Смысл этого выражения я понимал туманно, но выразил сомнение:
— Разве уже пора?
— Да, две недели. Больше не могу, я уже почти разорился.
Помылся, приоделся и пошел. Я думал, ерунда какая-то, обычный скандал. Но нет, видно, клиент нарушил какие-то незыблемые законы. На переговоры собрались все уважаемые люди нашей деревни — упрашивать Сашу "выключить счетчик". Само собой, наш банкир Петр — рассудительный арбитр. Поговаривали, что собирался приехать сам Иоффе, директор завода, хозяин дома, в который ни разу не наведался. Но, возможно, тщеславный Саша насчет Иоффе преувеличил. В общем, счетчик выключили на неделю.
Отсрочка неожиданным образом ударила по мне, хотя я и не жалею. Саша уговорил меня сделать террасу. Я бы и не стал, собирался сам соорудить крыльцо из остатков материала, но он соблазнил, замыслил красивую, необычную конструкцию, да и просил дешево.
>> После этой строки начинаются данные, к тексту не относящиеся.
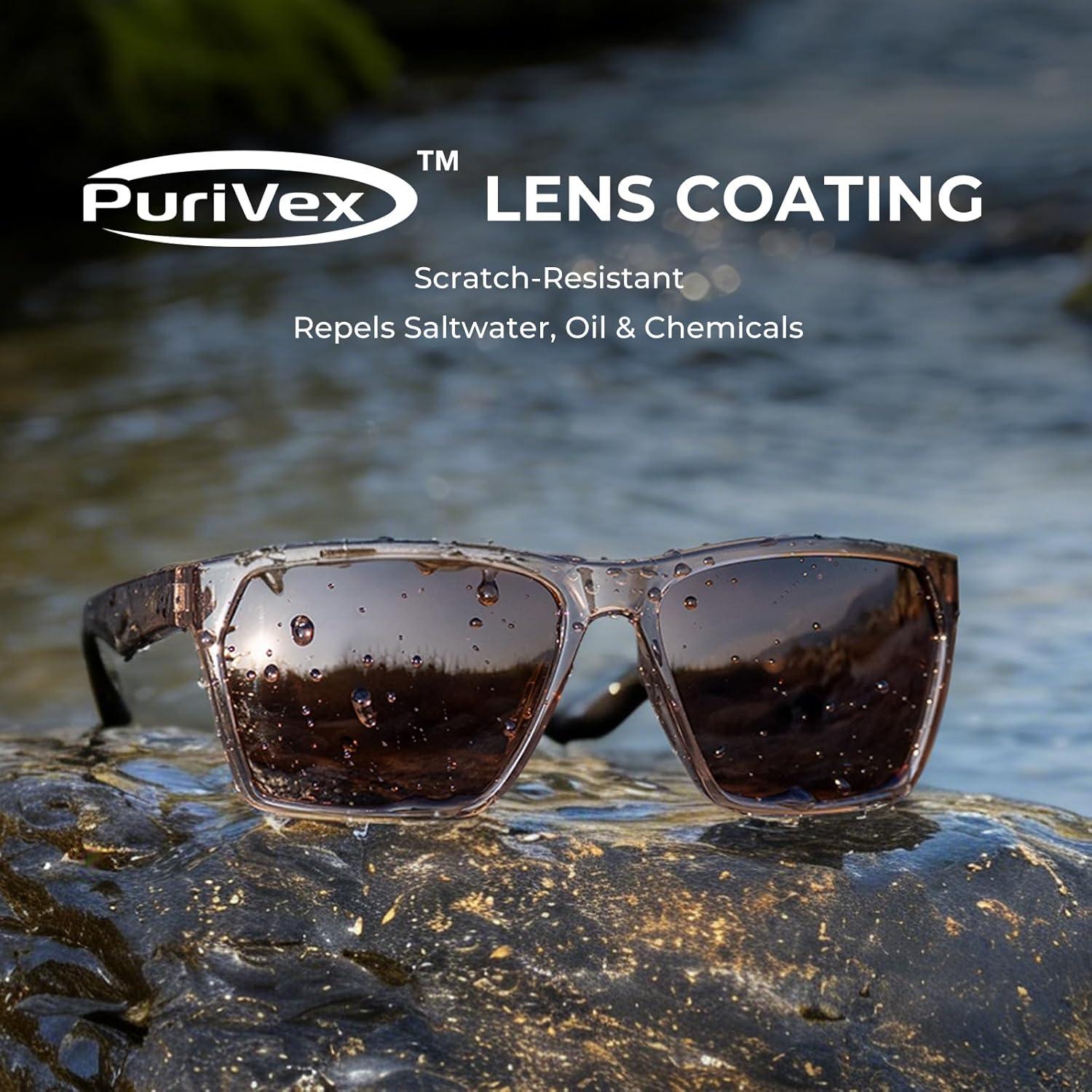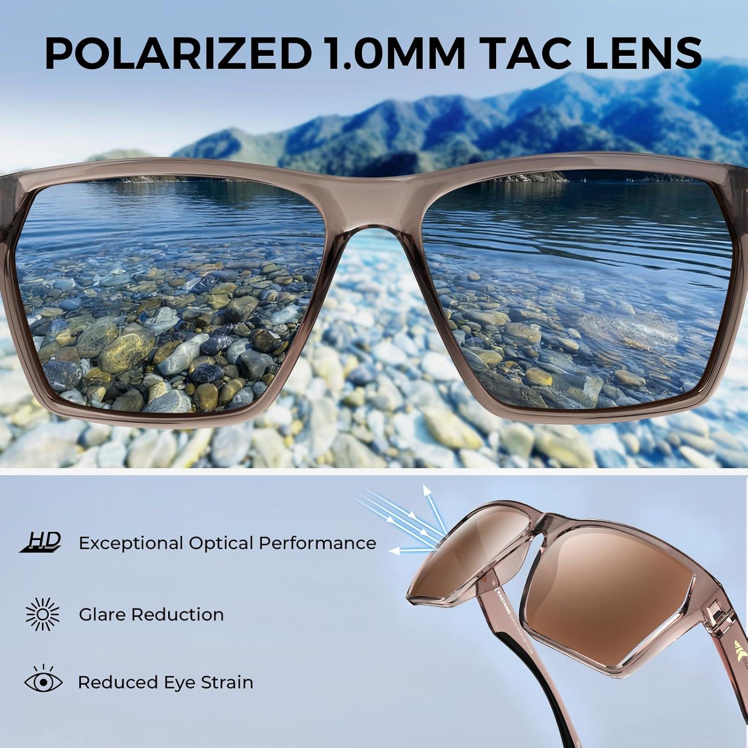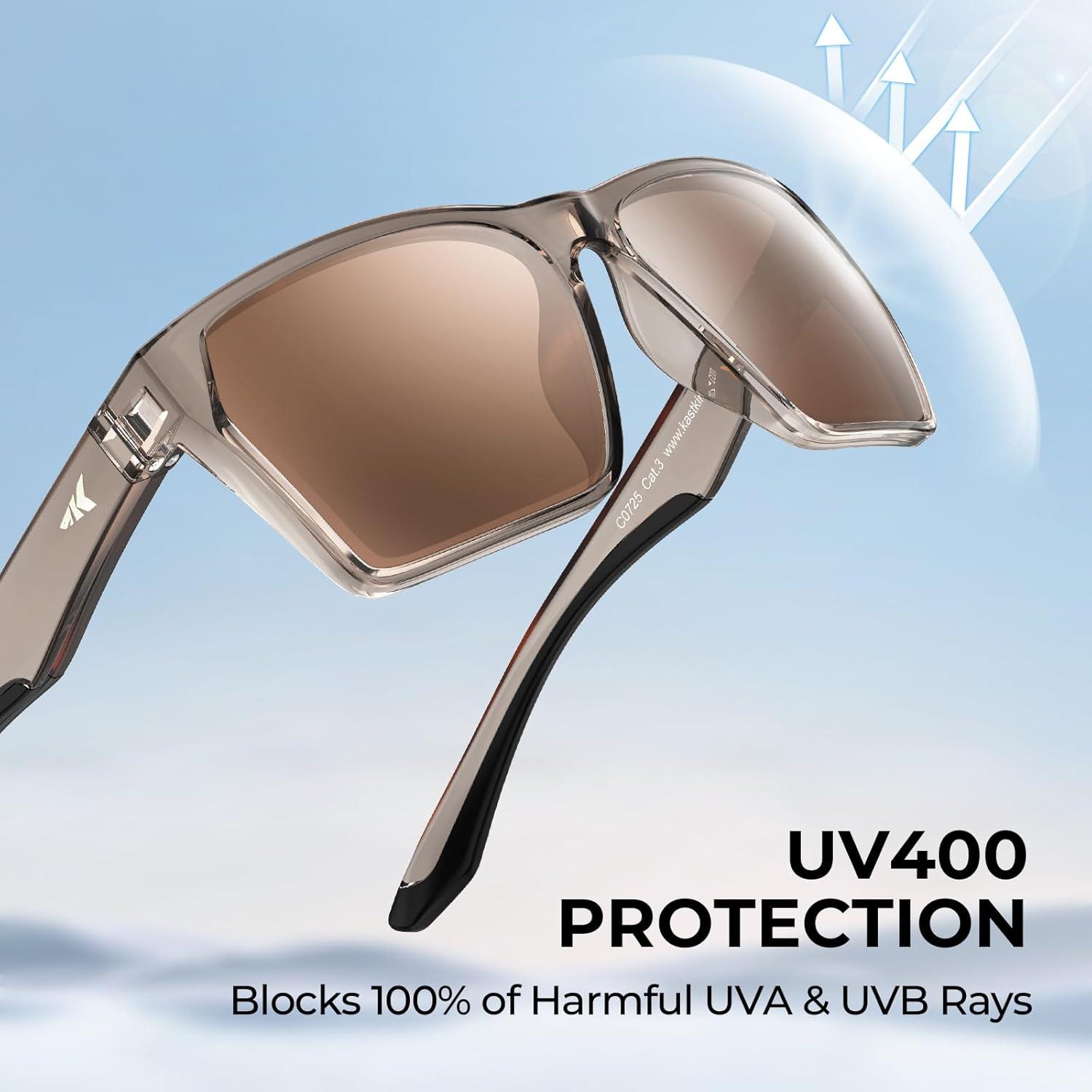 KastKing Beartrap Polarized Sports Fishing Sunglasses, With PuriVex Protective Lens Coating, Wayfarer Design, Men Women(F: Gloss Gray Crystal Frame Brown)

Понимал, что нельзя людям бездельничать. Работали весело. Я не верил, что получится, что улягутся в одну плоскость такие сложные стропила — ведь все проектировал Саша на палочках. Вышло прекрасно, у всех поднялось настроение.
Только под конец, когда они крыли крышу, вышла у них стычка с Алексеичем, стариком-жестянщиком. Шел он мимо и, слышу, начал ругаться, все больше распаляясь. Саша молчал, потом стал огрызаться. Я выхожу, он уже весь красный, как рак. Оказывается, неправильно кроют. Успокоить Алексеича было невозможно. Вот уже третий год, а он, проходя мимо, каждый раз начинает ругаться и жаловаться.
— Я говорю таджику: "Ты неправильно режешь". Он промолчал, думаю, понял. Я и пошел дальше. А он коварно разрезал все железо.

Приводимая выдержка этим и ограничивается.